Московские Сторожевые | Страница: 59

  • Georgia
  • Verdana
  • Tahoma
  • Symbol
  • Arial
16
px

«Ежели ведьма али колдун умышленно навлекут гибель на иную ведьму и иного колдуна, особливо с потомством и чадами непросвещенными, не нарушившего Заповедей и творившего добро, и только добро, то губителю за это деяние преждевременная гибель полагается. Исполнять при трех свидетелях и виновного не щадить».

Дорка только добро и творила. Это не поминальные слова, это у нас во всех документах отражено. Значит, и мстить за нее — гибелью, и только гибелью.

— Гибель…

Простое слово, шесть букв всего. А «казнь» — еще короче и еще тяжелее. И произнести, и сотворить.

— Гибель.

Сейчас ведь не об одной мести за Дору речь идет. Мы как клятву даем: что если сами Заповеди нарушим, то знаем, чем расплачиваться будем.

— Гибель.

Не знаю, кто это и как сделал, не знаю, зачем. Мне ему оправдание найти хочется, а нельзя.

— Гибель.

Сегодня о выродке речь идет, а завтра? Причины разные бывают. Этот, видимо, тоже так думал, раз согласился.

— Гибель.

Раньше, если гангрена начиналась на руке или ноге, то ту ногу отрубали, спасали человека. Так и тут. Это гангрена уже, не живое существо.

— Гибель.

Это не я, я знаю. Но есть ли во мне силы не совершить такое, если давить начнут? А согласие на казнь — это как страховка. Кредит на смелость. Буду про него помнить, если совсем страшно станет.

— Гибель.

Произнести такое тошно, а уж исполнять… Трудно быть Старым. Ему свои задачи переложить не на кого. Если только на нас.

— Гибель.

— Лена, отвечай, надо поруку сомкнуть.

— Гибель.

— Решение принято единогласно, возражений нет. Официальную часть считаю оконченной. — Старый опустился наконец на стул. — Предлагаю по маленькой, а потом нашего студента… отпразднуем как следует.

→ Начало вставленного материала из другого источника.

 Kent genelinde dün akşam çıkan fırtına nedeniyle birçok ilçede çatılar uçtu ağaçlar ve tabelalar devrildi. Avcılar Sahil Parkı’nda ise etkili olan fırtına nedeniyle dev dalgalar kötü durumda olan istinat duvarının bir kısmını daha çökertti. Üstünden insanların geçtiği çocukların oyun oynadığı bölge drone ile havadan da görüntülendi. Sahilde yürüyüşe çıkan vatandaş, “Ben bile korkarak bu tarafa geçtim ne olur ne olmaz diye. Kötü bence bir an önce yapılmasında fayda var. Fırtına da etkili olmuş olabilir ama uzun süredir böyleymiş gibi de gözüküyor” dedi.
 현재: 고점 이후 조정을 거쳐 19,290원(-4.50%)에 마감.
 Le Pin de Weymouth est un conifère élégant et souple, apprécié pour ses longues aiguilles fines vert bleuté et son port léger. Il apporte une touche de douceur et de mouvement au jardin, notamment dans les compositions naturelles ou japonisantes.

Савва Севастьянович глянул на полупустой стол, за которым пока одни Смотровые собрались, гости позже появятся. Странно глянул — будто заполнил сиротливые стулья знакомыми фигурами: свои же, родные. Те, кто не вернется.

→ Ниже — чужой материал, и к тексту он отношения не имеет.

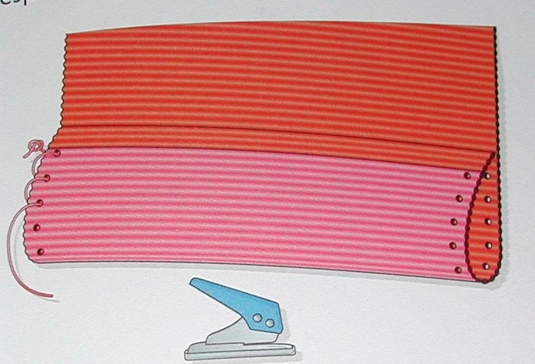 1- Pegar por el dorso dos láminas de 50x70 cm. de cartón ondulado de colores diferentes, desplazarlas de manera que una quede 2 cm.más arriba que la otra. Plegar el trozo que sobresale y pegarlo sobre la otra lámina. Dejarlo secar. A cada lado , hacer una marca a unos 18 cm. del lado inferior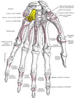 Osul cu cârlig (în galben) văzut pe fața palmară (anterioară) a mâinii stângi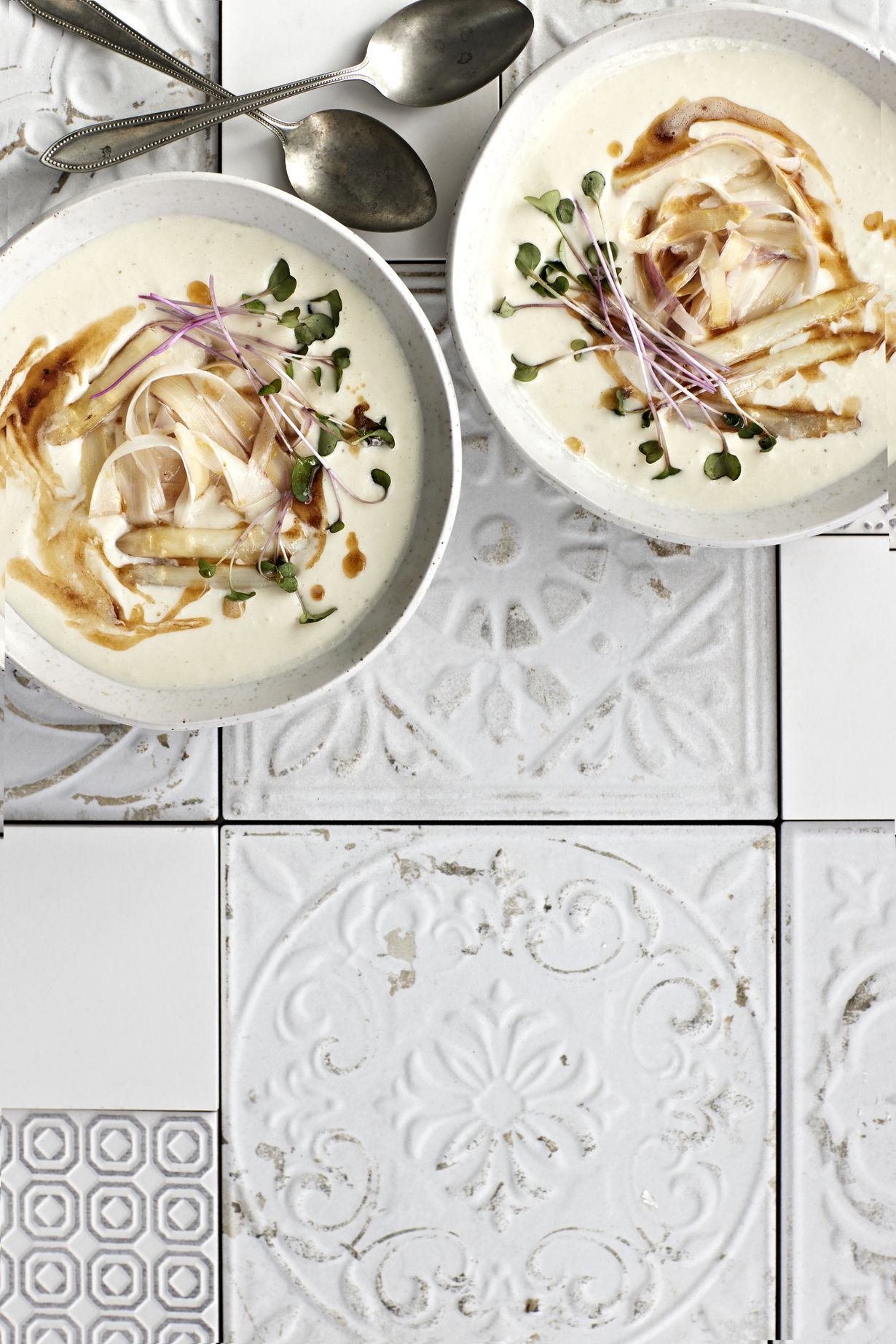 Kaikki maut talteen! Hyödynnä keiton liemessä myös parsojen kuoret. Elegantin ja kermaisen keiton maustavat sitruuna ja ruskistettu voi.

— Благодарю за решение, Сторожевые.

7

Теперь уже настоящее спиртное можно было пить. Мне не особенно хотелось, из меня еще Ростиково пиво не выветрилось толком, пришлось манкировать рюмкой.

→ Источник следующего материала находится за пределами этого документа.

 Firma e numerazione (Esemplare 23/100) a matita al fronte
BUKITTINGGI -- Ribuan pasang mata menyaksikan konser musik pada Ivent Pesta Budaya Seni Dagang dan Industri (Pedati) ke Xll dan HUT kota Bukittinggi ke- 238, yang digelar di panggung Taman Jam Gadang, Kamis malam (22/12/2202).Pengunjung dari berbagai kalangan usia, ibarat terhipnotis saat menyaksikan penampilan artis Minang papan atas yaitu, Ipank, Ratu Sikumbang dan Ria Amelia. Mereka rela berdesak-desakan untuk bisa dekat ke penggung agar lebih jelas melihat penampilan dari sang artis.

Но вот тост за Гуню, который с сегодняшнего дня уже просто Павел (ну или Паша, там сами решайте, как назовете), приняла честно, до капельки.

Гуня весь раскраснелся, пальцы сквозь нимб продел, макушку почесал. Посмотрел, как морской мышик у него из тарелки кусочек камамбера тащит, да и рукой махнул. И такую благодарность завернул, что у меня аж слезы на глазах выступили. Он ведь не только про Старого сейчас упомянул. И про Фельдшера, и про Тимку-Кота, и про меня кстати. Оказывается, попались ему сегодня на экзамене фотоизображения. Не сильно серьезные: надо было керенку в сторублевку брежневских времен переделать, а аттестационный лист юнкерского училища — в почетную грамоту при золотой медали. Не фотокарточки это, но там техника очень похожа.

Я прямо обрадовалась. Удачно как все получилось: и Ростика на правильный путь направила, и Гуньке вот… Странно только, что Фоня, который рядом со Старым сидел, Ганькины благодарности зашикал. Как театрал на чужом бенефисе, честное слово. Так неприятно было. Жека вон, у которой есть что про Гунечку вспомнить, сидела себе, краснела в декольте, а этот… Я дождалась, когда народ закусывать примется, стул отодвинула да к Фоне и подошла.

Потянула его.

Он решил, что танцевать приглашаю. Распорядился насчет мелодии в проигрывателе. Что-то такое, из ритмов зарубежной эстрады. Кажется, «Арабески». Если медленно танцевать, то как раз разговор получается.

— Афанасий, ты зачем так? И пить за него не стал. У Гуньки праздник, а… Некрасиво ж получилось.

— Нормально. Ему в самый раз. — Фоня смотрел недобро. И на меня, и на стол праздничный, из-за которого наших девчонок потихоньку выдергивать начали. Заразительный я пример подала, ничего не скажешь. Ну а что? Я сколько лет старенькой была, надоело. Самое время танцевать, пока молодость в венах кипит. Вместе с пивом.

— Фонь, ты что? — изумилась я. — Совсем совесть потерял вместе с толерантностью? Сейчас не Черные времена, чтобы к мирским вот так… И вообще, он уже специалист. Не хуже тебя.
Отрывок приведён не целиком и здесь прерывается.